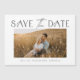 Um casamento de fotos de tipografia elegante Salve a data com o tipo de script moderno e o layout simples na frente. O dorso é magnético. Clique no botão editar para personalizar este design.
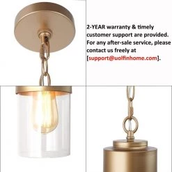 Simplify excess design on pendant light, returning to the pursuit of simple beauty. This pendant light produced by Uolfin Lighting takes minimal decoration to retouch the fixture itself. Pure gold color finish with cylinder shape design meet with a clear glass shade, concise and lively modern home decoration style is vividly displayed. Sized in 5 inches diameter, this pendant light is recommended to hang up over the kitchen island or dining table in groups, also ideal to use singly beside the bedhead or other places to light up a certain area.
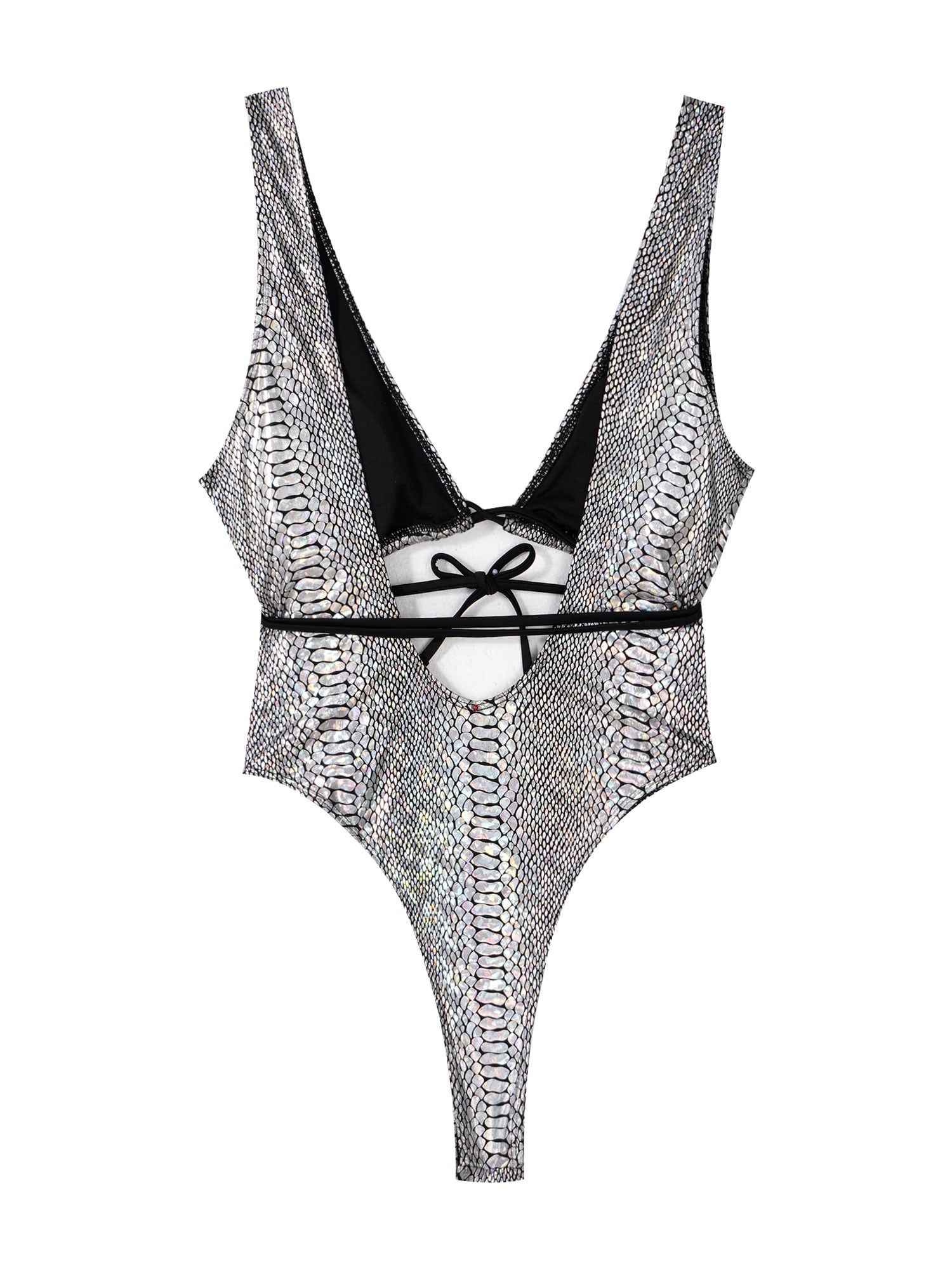 Women Shiny Snakeskin Print Sleeveless Bodysuit Removable Padded Lace-up Cutout Leotard Swimsuit.
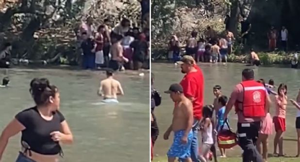 En un segundo video compartido se puede apreciar cómo al sitio llegaron elementos de la Policía Municipal y rescatistas, estos últimos quienes ingresaron al agua para brindar auxilio al joven víctima de ahogamiento.
|---|
*Problem to work on*.
Print the material above word for word, first line through the line with "Simplify excess design", and leave every picture out.

*Finished exercise*.
 Um casamento de fotos de tipografia elegante Salve a data com o tipo de script moderno e o layout simples na frente. O dorso é magnético. Clique no botão editar para personalizar este design.
 Simplify excess design on pendant light, returning to the pursuit of simple beauty. This pendant light produced by Uolfin Lighting takes minimal decoration to retouch the fixture itself. Pure gold color finish with cylinder shape design meet with a clear glass shade, concise and lively modern home decoration style is vividly displayed. Sized in 5 inches diameter, this pendant light is recommended to hang up over the kitchen island or dining table in groups, also ideal to use singly beside the bedhead or other places to light up a certain area.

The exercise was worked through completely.